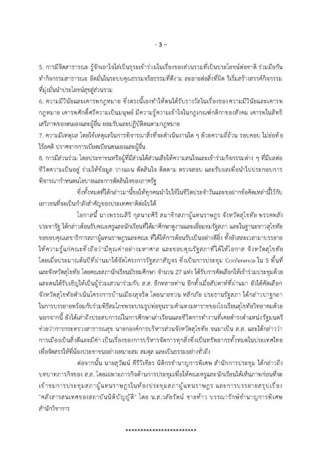 ทั้งนี้ เลขาธิการสภาผู้แทนราษฎร ได้กล่าวให้โอวาทกับคณะครูและนักเรียน ในฐานะบุคคลต้นแบบด้านวินัยรับผิดชอบเพื่อเป็นแนวทางในการพัฒนาการเรียนรู้ของคณะ และบรรยายพิเศษเรื่อง เลขาธิการสภาผู้แทนราษฎรได้รับรางวัลคุณธรรมอวอร์ด ปี 2564 ประเภทบุคคล ด้านวินัยรับผิดชอบ เมื่อวันพฤหัสบดีที่ 25 ส.ค. 65 จากศูนย์คุณธรรม (องค์การมหาชน) ในงานสมัชชาคุณธรรมแห่งชาติ ครั้งที่ 12 ณ กระทรวงวัฒนธรรม โดยได้กล่าวต้อนรับคณะครูและนักเรียนด้วยความยินดีเป็นอย่างยิ่งเพราะถือว่าเราได้รับเกียรติจากยุวชนที่จะเป็นกำลังของชาติมาศึกษาดูงานและเยี่ยมชมรัฐสภา และได้เล่าถึงชีวิตในวัยเด็ก วัยเรียน ที่ได้มีความมุ่งมั่นตั้งใจศึกษาเล่าเรียนและทำหน้าที่ของตนเองให้ดีที่สุด พร้อมทั้งได้เล่าประสบการณ์ทำงานที่ได้เคยทำงานเป็นครูผู้ช่วยที่ จ.สุโขทัย เป็นเวลา 6 เดือน ก่อนเข้ามาทำงานที่สำนักงานเลขาธิการสภาผู้แทนราษฎร ตั้งแต่สมัยที่เข้ามาทำงานใหม่ ๆ และมีคติประจำตัวคือทำหน้าที่ของตนเองให้ดีที่สุด นี่คือวิถีที่สร้างตนเองจนกระทั่งเติบโตมาถึงทุกวันนี้ รวมทั้งวิถีการใช้ชีวิตที่พอเพียง และในระหว่างที่ทำงานตั้งแต่เป็นข้าราชการตัวเล็ก ๆ ตนได้รับความชื่นชมจากผู้ที่ได้ร่วมงานด้วยโดยตนเป็นผู้นำสร้างนวัตกรรม เริ่มเรียนรู้สิ่งใหม่ ๆ สร้างกระบวนความคิด การเปลี่ยนแปลงงานในทุกหน่วยที่ตนได้เข้าไปร่วมงาน ซึ่งการประสบความสำเร็จในหน้าที่การงานของตนนั่นเป็นผลมาจากการรู้หน้าที่ของตนเอง ทำหน้าที่ของตนเองให้ดีที่สุด ใช้วิถีชีวิตอย่างพอเพียง รู้หลักการครองตน ครองคน ครองงาน การใช้ชีวิตภายใต้กฎระเบียบ กฎหมาย ข้อบังคับต่าง ๆ จึงทำให้มีความก้าวหน้าในชีวิตราชการ และกล่าวถึงการได้รับเข็มเกียรติยศจากมหาวิทยาลัยธรรมศาสตร์ที่ทางมหาวิทยาลัยธรรมศาสตร์มอบให้เมื่อปี 2564 ในฐานะศิษย์เก่าดีเด่น เพื่อให้น้อง ๆ ได้เห็นว่าเมื่อเราตั้งใจเรียน ตั้งใจประกอบอาชีพ อยู่ในกรอบคุณงามความดีแล้วเราจะประสบความสำเร็จ และเมื่อปี 2565 ตนได้รับการยกย่องให้เป็นศิษย์เก่าดีเด่นในวาระครบรอบ 50 ปีของโรงเรียนบดินทรเดชา (สิงห์ สิงหเสนี) ทั้งยังได้กล่าวถึงการเรียนรู้ว่า การที่เราเรียนรู้ให้มากนั้นเป็นเรื่องที่ดีและเราสามารถเรียนรู้ได้ตลอดชีวิต โดยเฉพาะเรื่องของภาษาซึ่งเป็นเรื่องที่สำคัญ เป็นการเติมคุณค่าให้ตนเอง โดยเฉพาะอย่างยิ่ง ปัจจุบันทุกคนสามารถเรียนรู้ได้ง่าย การที่เรารู้ภาษามากจะเป็นข้อได้เปรียบในสภาวะการแข่งขันที่ต่อไปเราสามารถนำมาใช้ในวิชาชีพที่เ
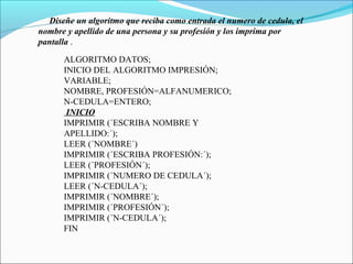 El documento presenta tres algoritmos propuestos como ejercicios. El primero pide los datos de nombre, profesión y cédula de una persona e imprime la información. El segundo pide dos números enteros y calcula y muestra la suma, resta, multiplicación y división. El tercero calcula el salario de un trabajador en base a sus horas trabajadas y tarifa por hora, con tarifa mayor para horas extras.
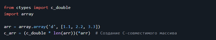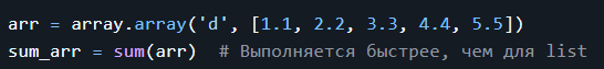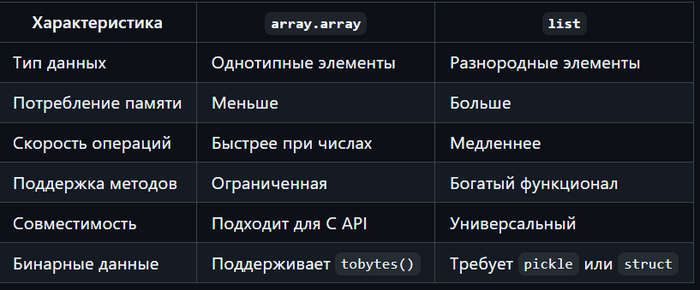Если требуется передавать массив данных в C или взаимодействовать с ctypes и struct, array.array значительно упрощает задачу. Массив array.array хранит данные в компактном виде, что делает его удобным для передачи в нативные C-функции и API, которые ожидают последовательности чисел в виде непрерывного блока памяти.
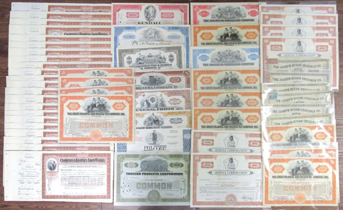 Lot of 60+ Issued Stocks and Bonds, Highlights Include: Kendall, Air Products and Chemicals Inc., Firestone Tire & Rubber Co., Cuba Co., General Foods Corp., Macy Credit Corp., PhlCorp, Inc., American Distilling Co., Great Atlantic and Pacific Tea Co. Inc., Quinta Corp., Crompton & Knowles Loom Works, and more. Certificates range from Fine to XF condition. (63). Sold "AS IS" no returns accepted.
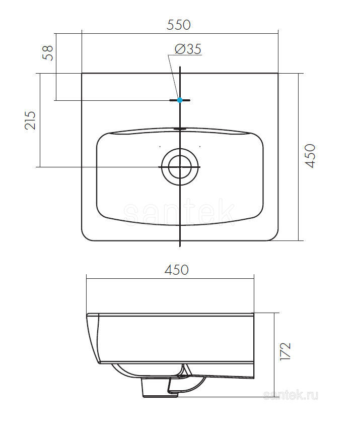 Раковина Santek Нео 55 отверстие под смеситель 1WH302185
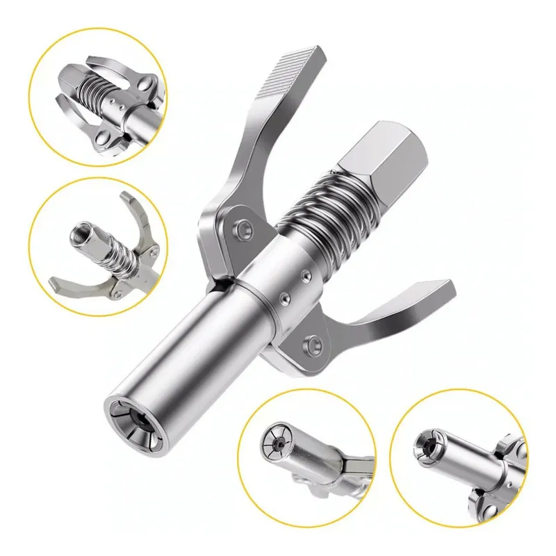 O Bico Injetor Graxa para Pistola de Engraxar Yamaguchi Original é um acessório essencial para profissionais que buscam eficiência e praticidade na lubrificação de máquinas e equipamentos. Com um design ergonômico, este acoplador hidráulico com engate rápido permite que um único operador realize a lubrificação de forma ágil e segura. Fabricado em aço e ferro galvanizado, garante durabilidade e resistência, suportando uma pressão máxima de até 10.000 PSI (689 Bar). A rosca de 1/8" NPT proporciona uma conexão firme e confiável. Este modelo, Y001.4069, é ideal para quem precisa de uma pistola engraxadeira pneumática de alta performance. Além disso, sua portabilidade facilita o transporte e uso em diferentes locais de trabalho, tornando-o uma escolha prática para profissionais da linha profissional.
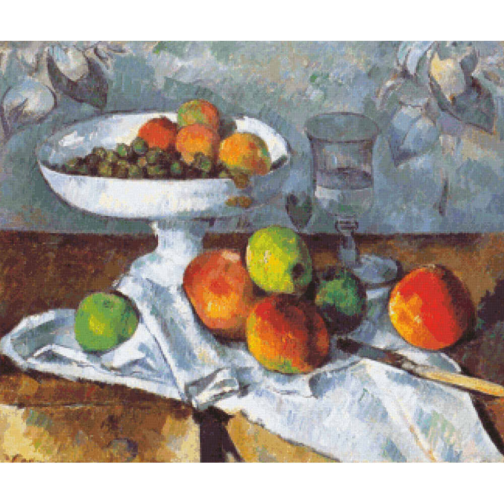 Green and red apples and green grapes with a white compote on a white cloth This pattern is solidly stitched. Any color fabric may be used.
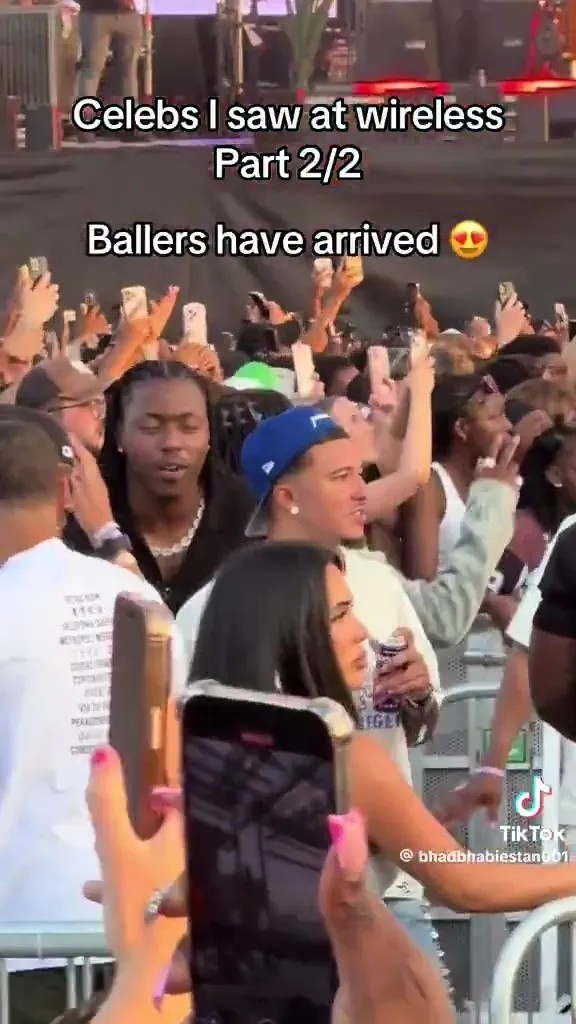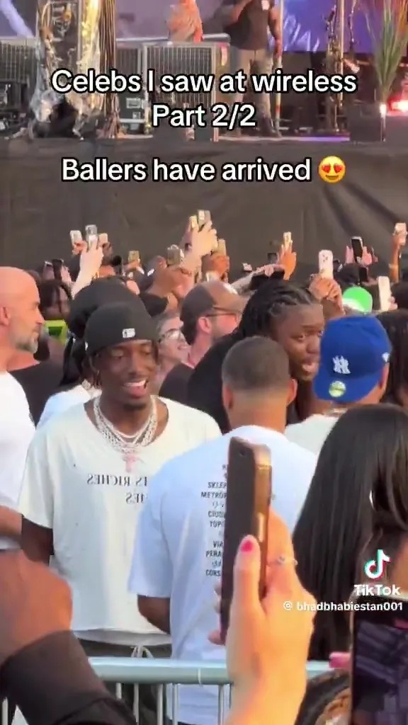 周日两人共同观看了Drake的40分钟演出,此举引发球迷强烈不满。画面中马杜埃凯身着白色上衣搭配黑色棒球帽,桑乔则穿着同色系上衣配蓝色帽子。
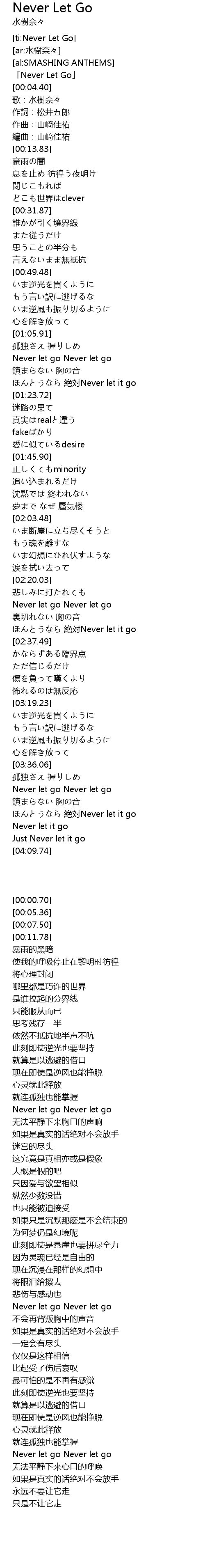 | [02:32.28] | ほんとうなら 絶対Never let it go |
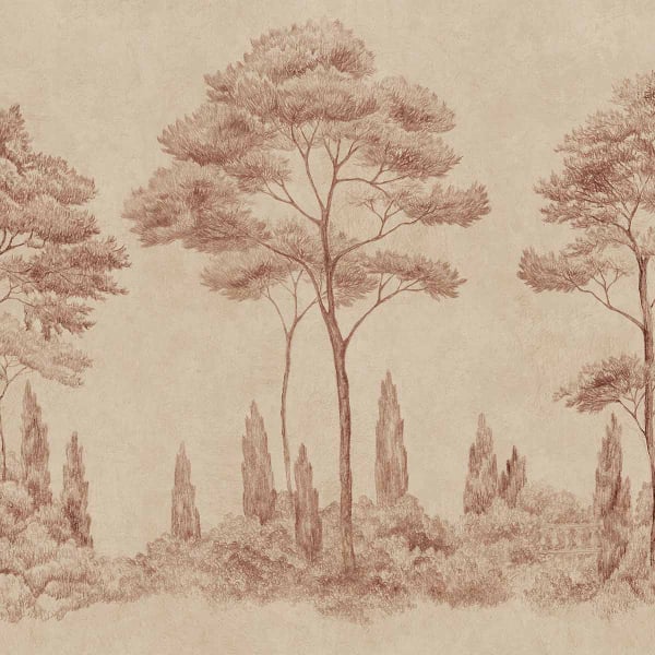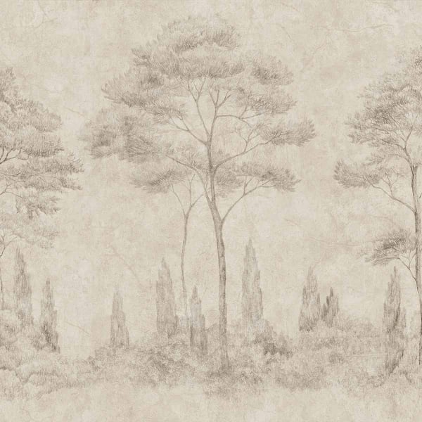 Ein illustratives botanisches Motiv durchzieht die von Sandberg herausgegebene Panoramatapete Andrea. Es zeigt eine Landschaft mit Nadelbäumen und Zypressen, typisch für mediterrane Wälder. Wie eine Bleistiftzeichnung enthüllt die klare und nuancierte Linie die Details einer schlanken und beruhigenden Vegetation. Diese Landschaft lädt zur Betrachtung in einer weiten und ausgewogenen Komposition ein.
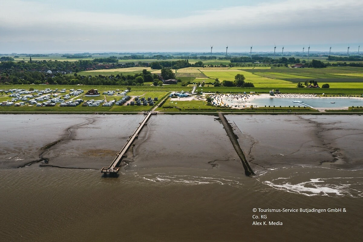 Una delle tipiche case del latte di Budjadingen (Melkhus) si può raggiungere in bicicletta lungo la diga in 20 minuti. Lì, in un ambiente curato con amore, ci sono latticini fatti in casa da mucche felici; il pagamento avviene sulla base della fiducia tramite una cassetta per il denaro.
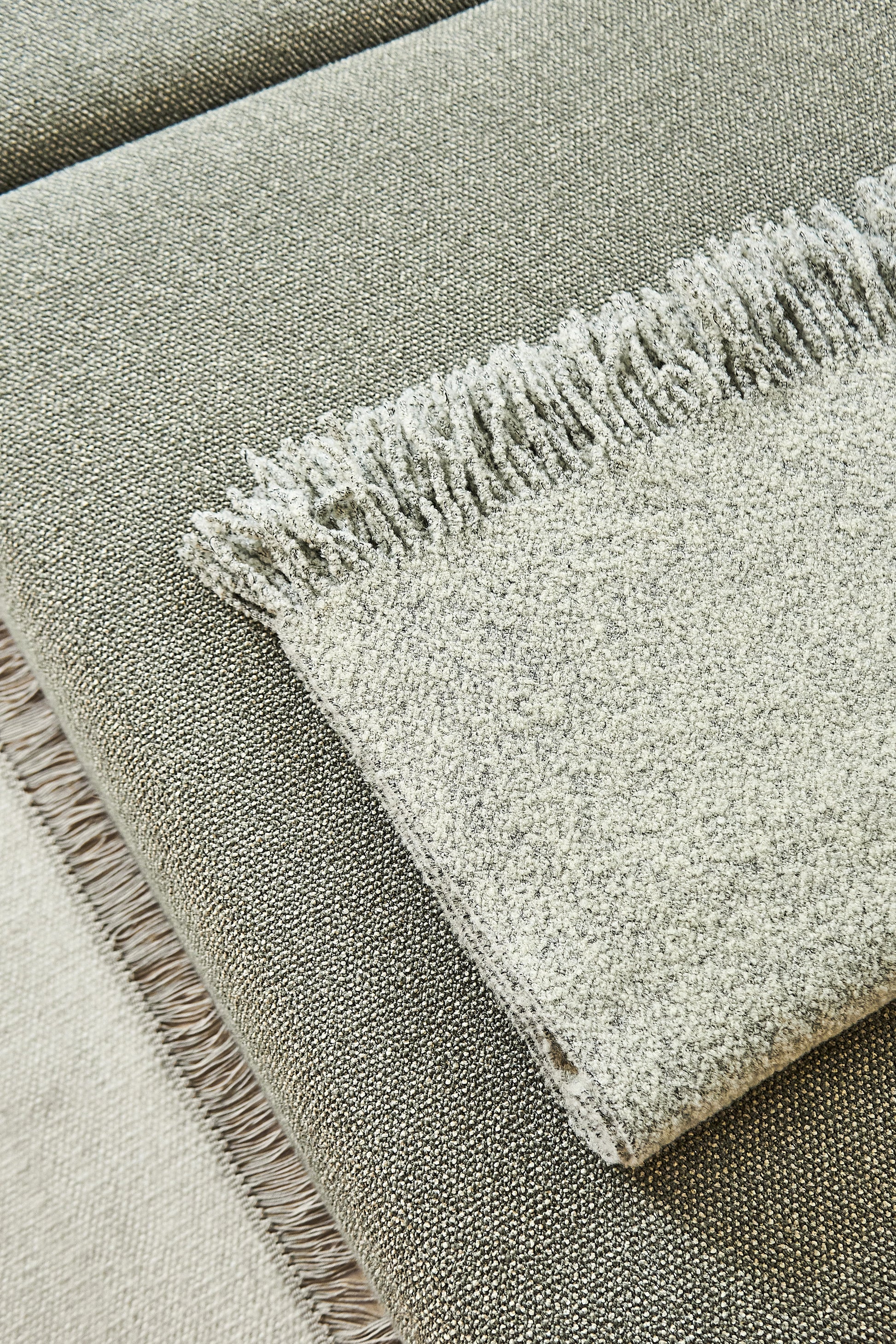 Die weiche Bouclé-Struktur fühlt sich nicht nur unglaublich angenehm an, sondern wirkt dank ihres hohen Wollanteils von 80 % auch temperaturregulierend – perfekt für entspannte Momente, zu jeder Jahreszeit.

==*==

Exercise objective
Pictures should be skipped, and the records retyped word for word.

Answer section
 ทั้งนี้ เลขาธิการสภาผู้แทนราษฎร ได้กล่าวให้โอวาทกับคณะครูและนักเรียน ในฐานะบุคคลต้นแบบด้านวินัยรับผิดชอบเพื่อเป็นแนวทางในการพัฒนาการเรียนรู้ของคณะ และบรรยายพิเศษเรื่อง เลขาธิการสภาผู้แทนราษฎรได้รับรางวัลคุณธรรมอวอร์ด ปี 2564 ประเภทบุคคล ด้านวินัยรับผิดชอบ เมื่อวันพฤหัสบดีที่ 25 ส.ค. 65 จากศูนย์คุณธรรม (องค์การมหาชน) ในงานสมัชชาคุณธรรมแห่งชาติ ครั้งที่ 12 ณ กระทรวงวัฒนธรรม โดยได้กล่าวต้อนรับคณะครูและนักเรียนด้วยความยินดีเป็นอย่างยิ่งเพราะถือว่าเราได้รับเกียรติจากยุวชนที่จะเป็นกำลังของชาติมาศึกษาดูงานและเยี่ยมชมรัฐสภา และได้เล่าถึงชีวิตในวัยเด็ก วัยเรียน ที่ได้มีความมุ่งมั่นตั้งใจศึกษาเล่าเรียนและทำหน้าที่ของตนเองให้ดีที่สุด พร้อมทั้งได้เล่าประสบการณ์ทำงานที่ได้เคยทำงานเป็นครูผู้ช่วยที่ จ.สุโขทัย เป็นเวลา 6 เดือน ก่อนเข้ามาทำงานที่สำนักงานเลขาธิการสภาผู้แทนราษฎร ตั้งแต่สมัยที่เข้ามาทำงานใหม่ ๆ และมีคติประจำตัวคือทำหน้าที่ของตนเองให้ดีที่สุด นี่คือวิถีที่สร้างตนเองจนกระทั่งเติบโตมาถึงทุกวันนี้ รวมทั้งวิถีการใช้ชีวิตที่พอเพียง และในระหว่างที่ทำงานตั้งแต่เป็นข้าราชการตัวเล็ก ๆ ตนได้รับความชื่นชมจากผู้ที่ได้ร่วมงานด้วยโดยตนเป็นผู้นำสร้างนวัตกรรม เริ่มเรียนรู้สิ่งใหม่ ๆ สร้างกระบวนความคิด การเปลี่ยนแปลงงานในทุกหน่วยที่ตนได้เข้าไปร่วมงาน ซึ่งการประสบความสำเร็จในหน้าที่การงานของตนนั่นเป็นผลมาจากการรู้หน้าที่ของตนเอง ทำหน้าที่ของตนเองให้ดีที่สุด ใช้วิถีชีวิตอย่างพอเพียง รู้หลักการครองตน ครองคน ครองงาน การใช้ชีวิตภายใต้กฎระเบียบ กฎหมาย ข้อบังคับต่าง ๆ จึงทำให้มีความก้าวหน้าในชีวิตราชการ และกล่าวถึงการได้รับเข็มเกียรติยศจากมหาวิทยาลัยธรรมศาสตร์ที่ทางมหาวิทยาลัยธรรมศาสตร์มอบให้เมื่อปี 2564 ในฐานะศิษย์เก่าดีเด่น เพื่อให้น้อง ๆ ได้เห็นว่าเมื่อเราตั้งใจเรียน ตั้งใจประกอบอาชีพ อยู่ในกรอบคุณงามความดีแล้วเราจะประสบความสำเร็จ และเมื่อปี 2565 ตนได้รับการยกย่องให้เป็นศิษย์เก่าดีเด่นในวาระครบรอบ 50 ปีของโรงเรียนบดินทรเดชา (สิงห์ สิงหเสนี) ทั้งยังได้กล่าวถึงการเรียนรู้ว่า การที่เราเรียนรู้ให้มากนั้นเป็นเรื่องที่ดีและเราสามารถเรียนรู้ได้ตลอดชีวิต โดยเฉพาะเรื่องของภาษาซึ่งเป็นเรื่องที่สำคัญ เป็นการเติมคุณค่าให้ตนเอง โดยเฉพาะอย่างยิ่ง ปัจจุบันทุกคนสามารถเรียนรู้ได้ง่าย การที่เรารู้ภาษามากจะเป็นข้อได้เปรียบในสภาวะการแข่งขันที่ต่อไปเราสามารถนำมาใช้ในวิชาชีพที่เ
 El documento presenta tres algoritmos propuestos como ejercicios. El primero pide los datos de nombre, profesión y cédula de una persona e imprime la información. El segundo pide dos números enteros y calcula y muestra la suma, resta, multiplicación y división. El tercero calcula el salario de un trabajador en base a sus horas trabajadas y tarifa por hora, con tarifa mayor para horas extras.
Если требуется передавать массив данных в C или взаимодействовать с ctypes и struct, array.array значительно упрощает задачу. Массив array.array хранит данные в компактном виде, что делает его удобным для передачи в нативные C-функции и API, которые ожидают последовательности чисел в виде непрерывного блока памяти.
 Lot of 60+ Issued Stocks and Bonds, Highlights Include: Kendall, Air Products and Chemicals Inc., Firestone Tire & Rubber Co., Cuba Co., General Foods Corp., Macy Credit Corp., PhlCorp, Inc., American Distilling Co., Great Atlantic and Pacific Tea Co. Inc., Quinta Corp., Crompton & Knowles Loom Works, and more. Certificates range from Fine to XF condition. (63). Sold "AS IS" no returns accepted.
 Раковина Santek Нео 55 отверстие под смеситель 1WH302185
 O Bico Injetor Graxa para Pistola de Engraxar Yamaguchi Original é um acessório essencial para profissionais que buscam eficiência e praticidade na lubrificação de máquinas e equipamentos. Com um design ergonômico, este acoplador hidráulico com engate rápido permite que um único operador realize a lubrificação de forma ágil e segura. Fabricado em aço e ferro galvanizado, garante durabilidade e resistência, suportando uma pressão máxima de até 10.000 PSI (689 Bar). A rosca de 1/8" NPT proporciona uma conexão firme e confiável. Este modelo, Y001.4069, é ideal para quem precisa de uma pistola engraxadeira pneumática de alta performance. Além disso, sua portabilidade facilita o transporte e uso em diferentes locais de trabalho, tornando-o uma escolha prática para profissionais da linha profissional.
 Green and red apples and green grapes with a white compote on a white cloth This pattern is solidly stitched. Any color fabric may be used.
 周日两人共同观看了Drake的40分钟演出,此举引发球迷强烈不满。画面中马杜埃凯身着白色上衣搭配黑色棒球帽,桑乔则穿着同色系上衣配蓝色帽子。
 | [02:32.28] | ほんとうなら 絶対Never let it go |
 Ein illustratives botanisches Motiv durchzieht die von Sandberg herausgegebene Panoramatapete Andrea. Es zeigt eine Landschaft mit Nadelbäumen und Zypressen, typisch für mediterrane Wälder. Wie eine Bleistiftzeichnung enthüllt die klare und nuancierte Linie die Details einer schlanken und beruhigenden Vegetation. Diese Landschaft lädt zur Betrachtung in einer weiten und ausgewogenen Komposition ein.
 Una delle tipiche case del latte di Budjadingen (Melkhus) si può raggiungere in bicicletta lungo la diga in 20 minuti. Lì, in un ambiente curato con amore, ci sono latticini fatti in casa da mucche felici; il pagamento avviene sulla base della fiducia tramite una cassetta per il denaro.
 Die weiche Bouclé-Struktur fühlt sich nicht nur unglaublich angenehm an, sondern wirkt dank ihres hohen Wollanteils von 80 % auch temperaturregulierend – perfekt für entspannte Momente, zu jeder Jahreszeit.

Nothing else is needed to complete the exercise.